Tag Archives: CCSS-M G-GMD.2

Cavalieri’s Principle

Geometric Measure and Dimension G-GMD

Explain volume formulas and use them to solve problems

1. Give an informal argument for the formulas for the circumference of a circle, area of a circle, volume of a cylinder, pyramid, and cone. Use dissection arguments, Cavalieri’s principle, and informal limit arguments.

2. (+) Give an informal argument using Cavalieri’s principle for the formulas for the volume of a sphere and other solid figures.

How do you provide students an opportunity to make sense of volume formulas? I’ve written before about how we use informal limit arguments to make sense of volume formulas for the cylinder and prism and then Power Solids to make sense of volume formulas for the cone and pyramid.

Using a slinky, we briefly discuss Cavalieri’s principle.

Solids: equal height, cross sections for each plane parallel to and including the bases are have equal area.

What are the implications of Cavalieri’s principle here? (the two solids have the same volume)

And here? (none, as the conditions aren’t met)

When we get to the volume of a sphere, I’ve always told my students they’ll have to wait until calculus to make sense of the formula.

(I sneak in this exercise in calculus and wait for someone to notice the result.)

If I ever made sense of the volume of a pyramid or sphere using Cavalieri’s principle while I was in school, I don’t remember. (Surely I’m not the only one.) This year, though, I’m determined to do better. I’ve been saving Pat Mara’s TI-Nspire documents to think this through.

How can you use these images along with Cavalieri’s principle to make sense of the formula for the volume of a square pyramid compared to the volume of a square prism with base and height equal to the pyramid?

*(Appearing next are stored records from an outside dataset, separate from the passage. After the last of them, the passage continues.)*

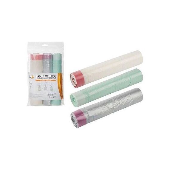 Набор из 3х рулонов В рулоне: 15 штук Размер: 50*60см Плотность: 15 мкм, с завязками Объем: 35 литров Материал: полиэтилен низкого давления Цвет: серый, мятный, бежевый
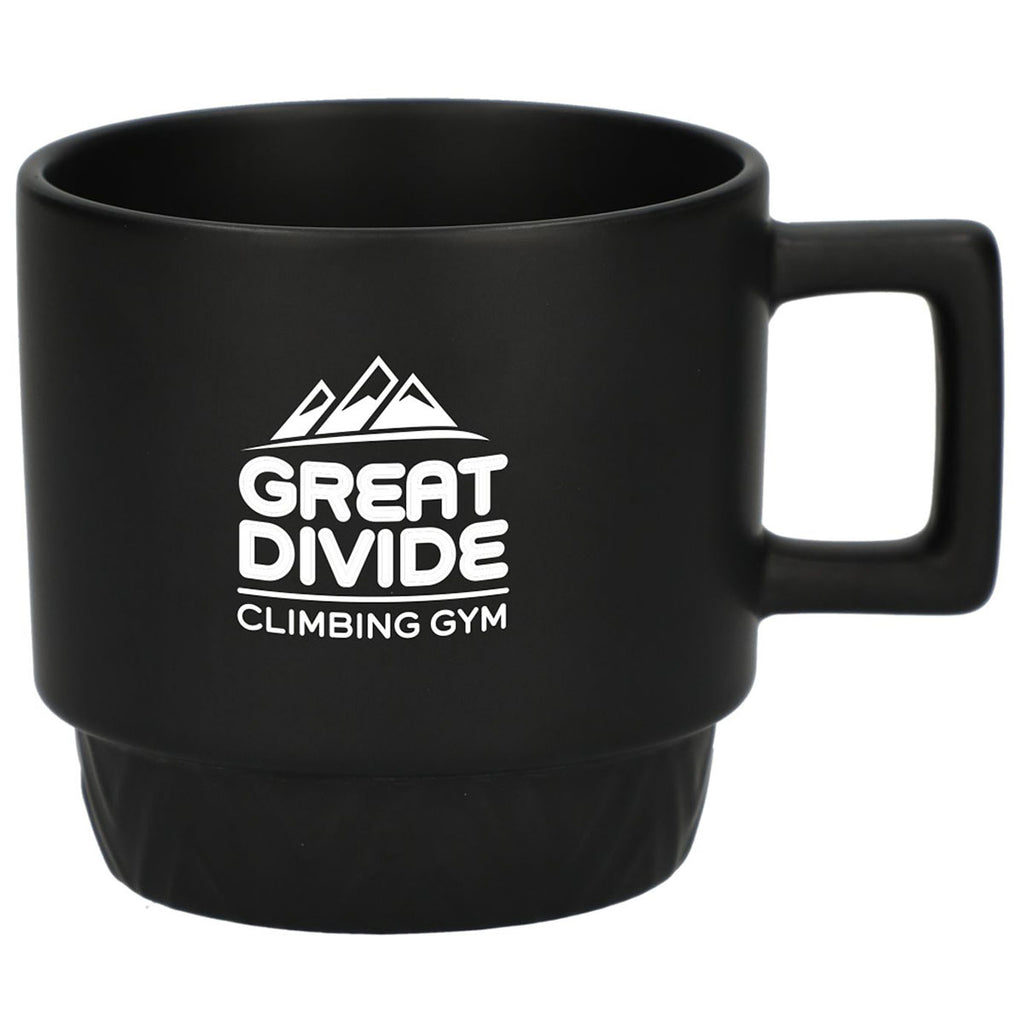 The Bullet Black Paco 12oz Ceramic Mug is a perfect blank canvas for your brand's custom logo or design. A subtle herringbone design along the base adds extra elegance to this understated coffee mug. Plus, a unique stackable design makes it easy to keep any kitchen or break room organized.
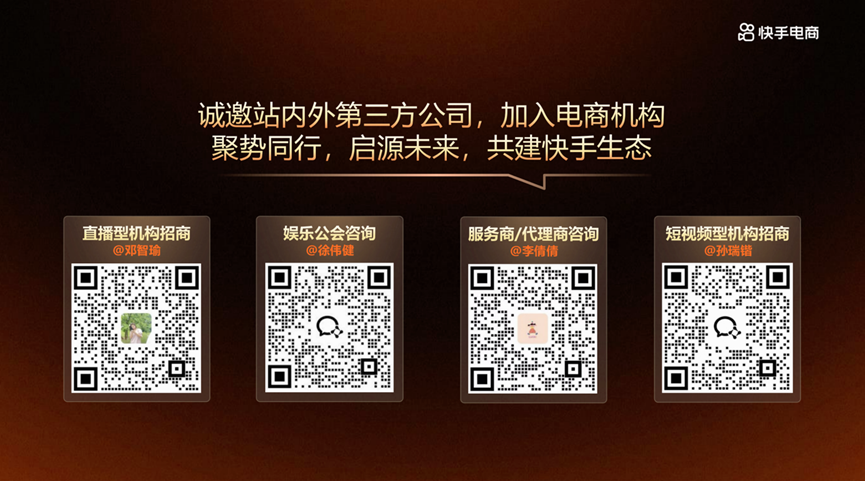 無論您是剛剛?cè)刖?、希望了解電商機(jī)會的新機(jī)構(gòu),還是深耕多年、尋求突破的成熟伙伴,又或是希望更準(zhǔn)確把握平臺今年資源方向的探索者,快手電商都?xì)g迎您的加入。在這里,您可以獲得平臺提供的具體支持與激勵政策,也有機(jī)會結(jié)識真正在行業(yè)里做事的同行,彼此交流,打開思路。
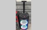 В комплекте идут кабель для зарядки, пульт управления, микрофон. Сверху есть удобная выдвижная ручка для переноски, а внизу колесики. Углубление для установки смартфона.Портативная акустическая колонка с LED подсветкой и дисплеем, встроенным MP3-плеером, FM-тюнером и эквалайзером.
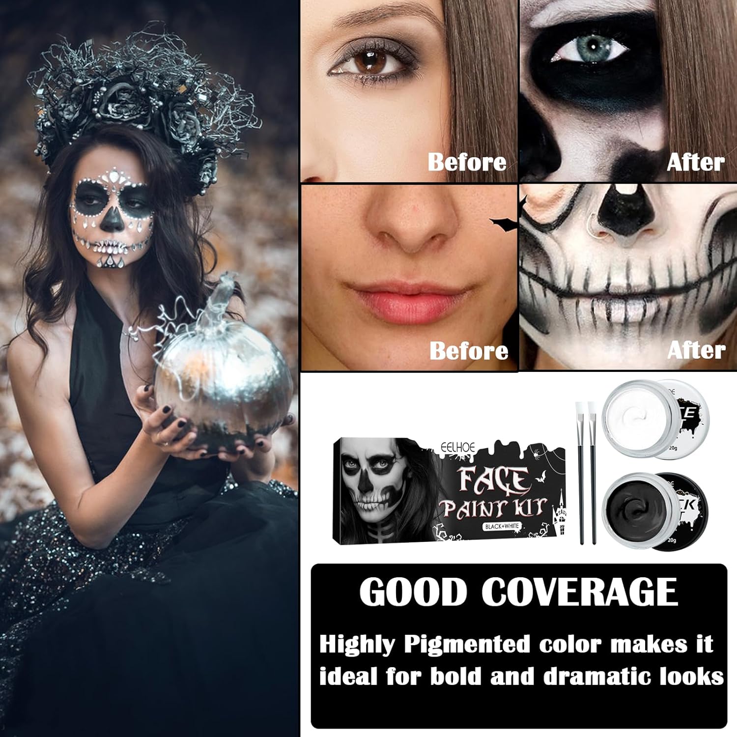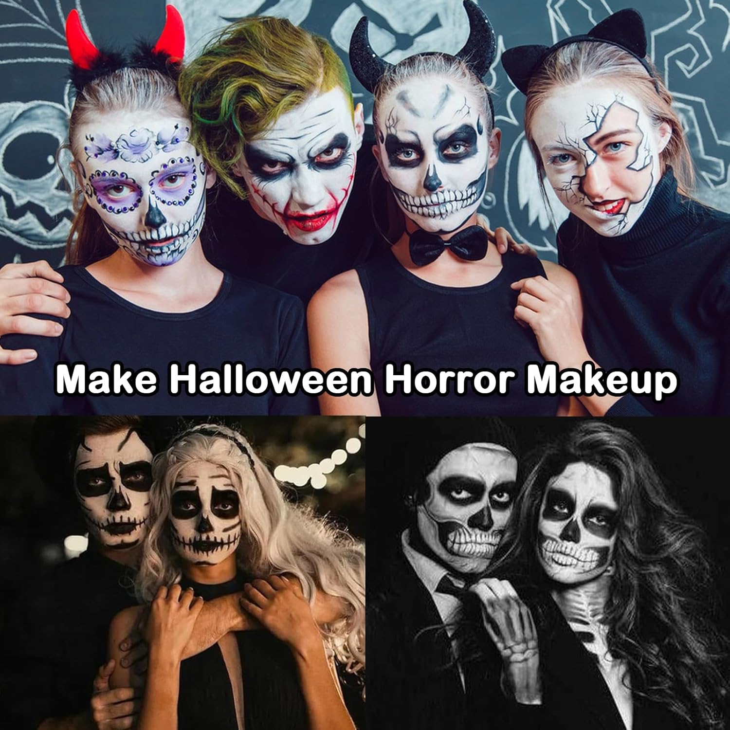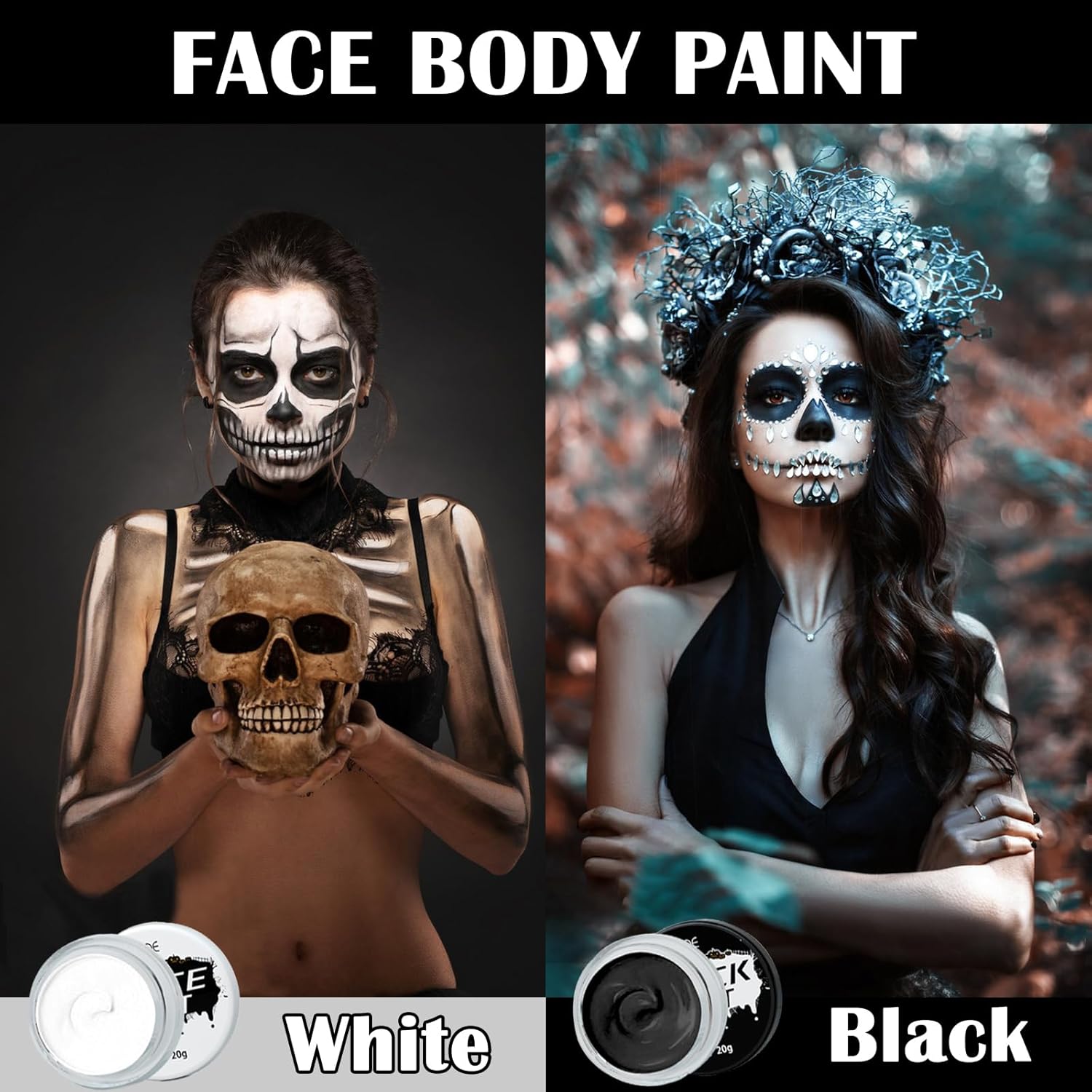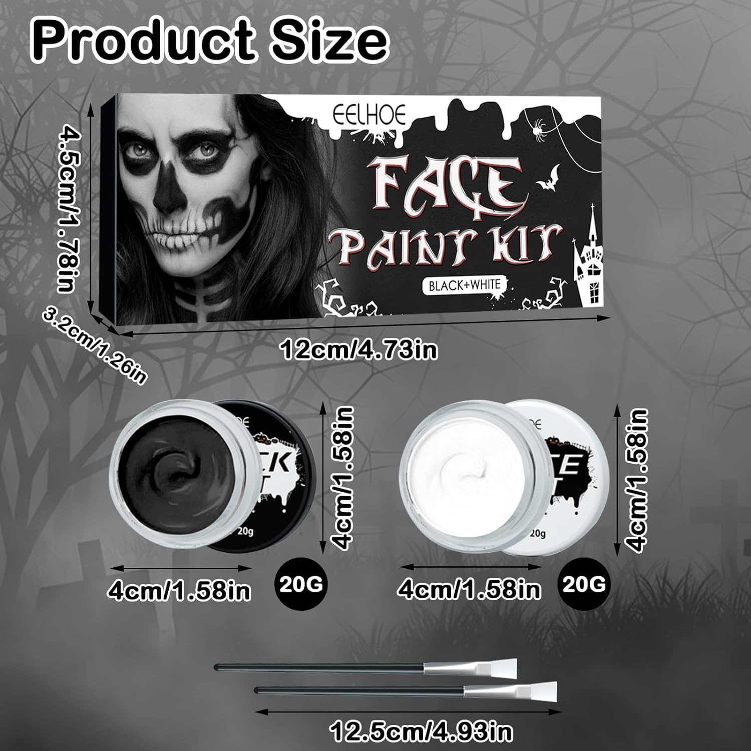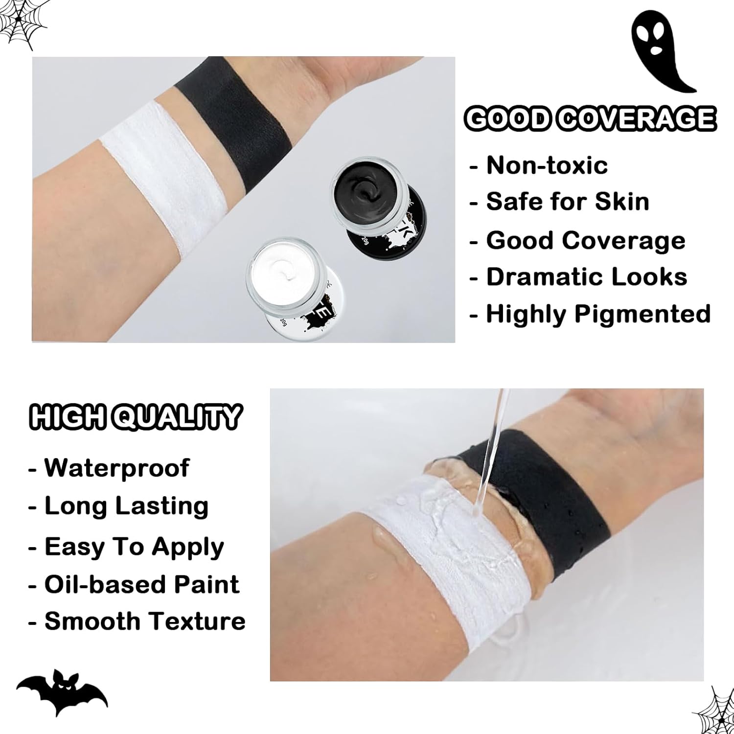✅【Pittura per il corpo in bianco e nero】: il set di pittura per il viso bianco e nero può essere utilizzato direttamente o mescolato con altri colori per creare i diversi colori che ti piacciono. Set professionale per il trucco di Halloween con pennello, può soddisfare tutte le tue esigenze per creare look di Halloween. ✅ 【Sicuro e durevole】: il set per il trucco di Halloween è realizzato in materiale di alta qualità con una consistenza morbida e delicata che può coprire facilmente l'intero viso. Progettato in bianco e nero, è adatto per giocare a clown, scheletri e fantasmi. ✅【Alta Coprenza】: Il colore del viso è bianco e nero e la texture è morbida e delicata, che copre facilmente tutto il viso e fa durare a lungo il trucco, non si secca né si screpola. ✅【Facile da usare】: Facile da usare, applicare sulla pelle con una spugna, un pennello o con la punta delle dita; Utilizzando uno struccante professionale, pulire con un tovagliolo di carta e risciacquare con tonico e acqua. ✅【Occasioni multiple】: questo set per il trucco di Halloween è perfetto per una varietà di pittura del viso e del corpo, crea il look perfetto per la tua festa in costume di Halloween, clown cosplay, festa di compleanno, carnevale, spettacolo teatrale, festa di trucco in costume a tema, festa di ballo di fantasia e molto altro!
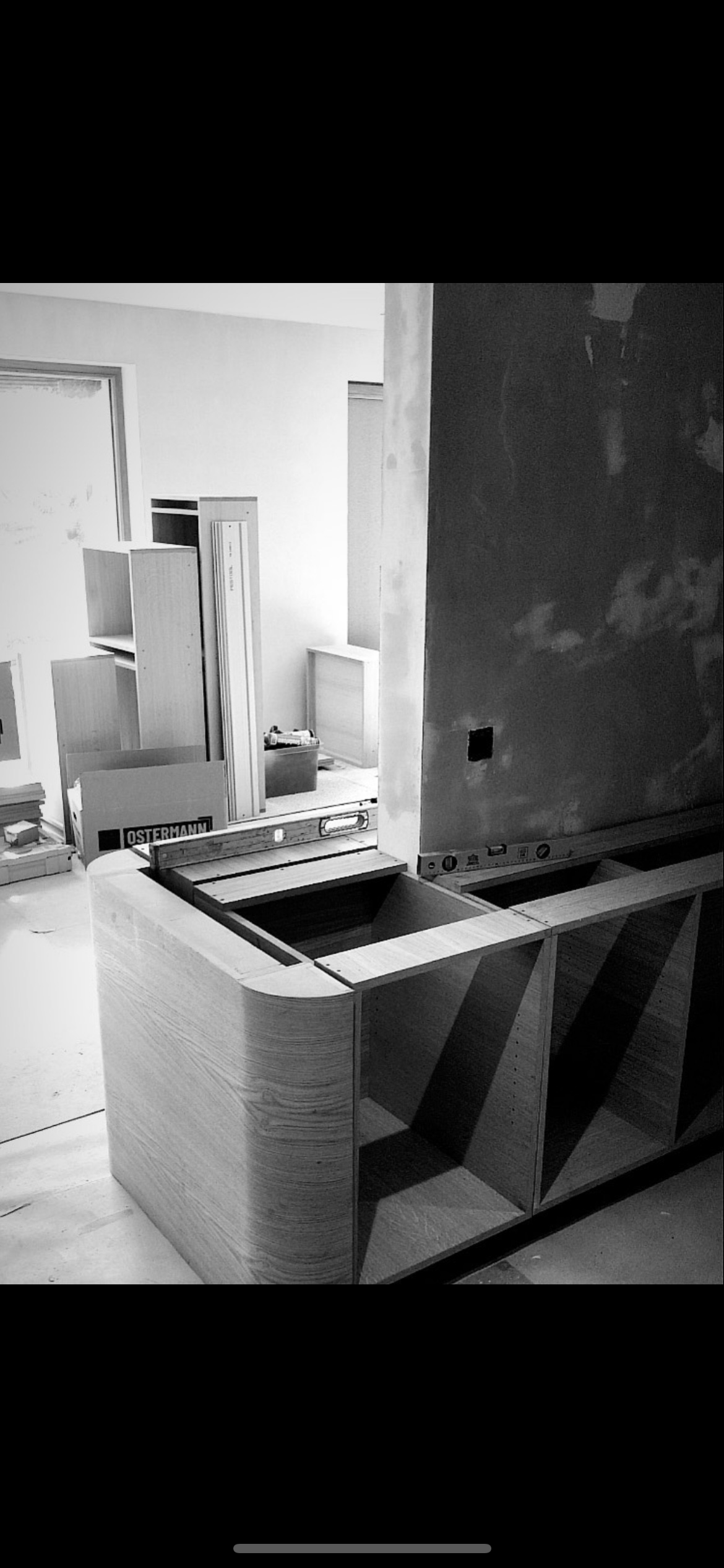 Maatwerk keuken en kookeiland in eik fineer met Mortex, afgewerkt met organische vormen.

When I got out the play dough to make more sense of the dissection of the cube, my coworker joined me. Our solid isn’t beautiful, but we get why the three square pyramids have the same volume and why one square pyramid will have a volume that is one-third of the square prism with base and height equal to the pyramid.

I like the visual image of seeing cross sections that aren’t congruent but have equal area.

Now for the sphere.

What do you see?

On the left, a hemisphere.

On the right, a cone cut out of a cylinder.

What’s the same about the solids?

The sphere and the cylinder have equal radii and equal heights. Since the “height” of the sphere is its radius, the cylinder has height equal to radius.

What are the horizontal cross sections?

On the left, a circle. The radius decreases as the cross section slices go from bottom to top.

On the right, a “washer” (or officially, an annulus), where the outer radius is always the radius of the cylinder (constant) and the inner radius is equal to the height of the smaller cone formed with the inner circle of the slice and the center of the base (shown by similar triangles).

Dynamic geometry software shows us that the cross sections have the same area. Convince yourself that they do.

I convinced myself here:

And then I looked at the next page, which allowed me to move the cross sections and see the similar triangles change.

So what does this tell us about the volume of a hemisphere?

According to Cavalieri’s Principle, it has the same volume as the solid on the right.

How can you calculate the volume of the solid on the right?

Subtract the volume of the cone from the volume of the cylinder.

And then what about the height of a sphere for which this hemisphere is half?

The Illustrative Mathematics task Use Cavalieri’s Principle to Compare Aquarium Volumes could be helpful for exploring Cavalieri’s Principle. I’ve had it tagged for several years now. Maybe this will be the year we take time to try it.

And so the journey as both learner (student) and Learner (teacher) continues, with gratitude for those who share their work and those who are willing to pause their work long enough to learn alongside me …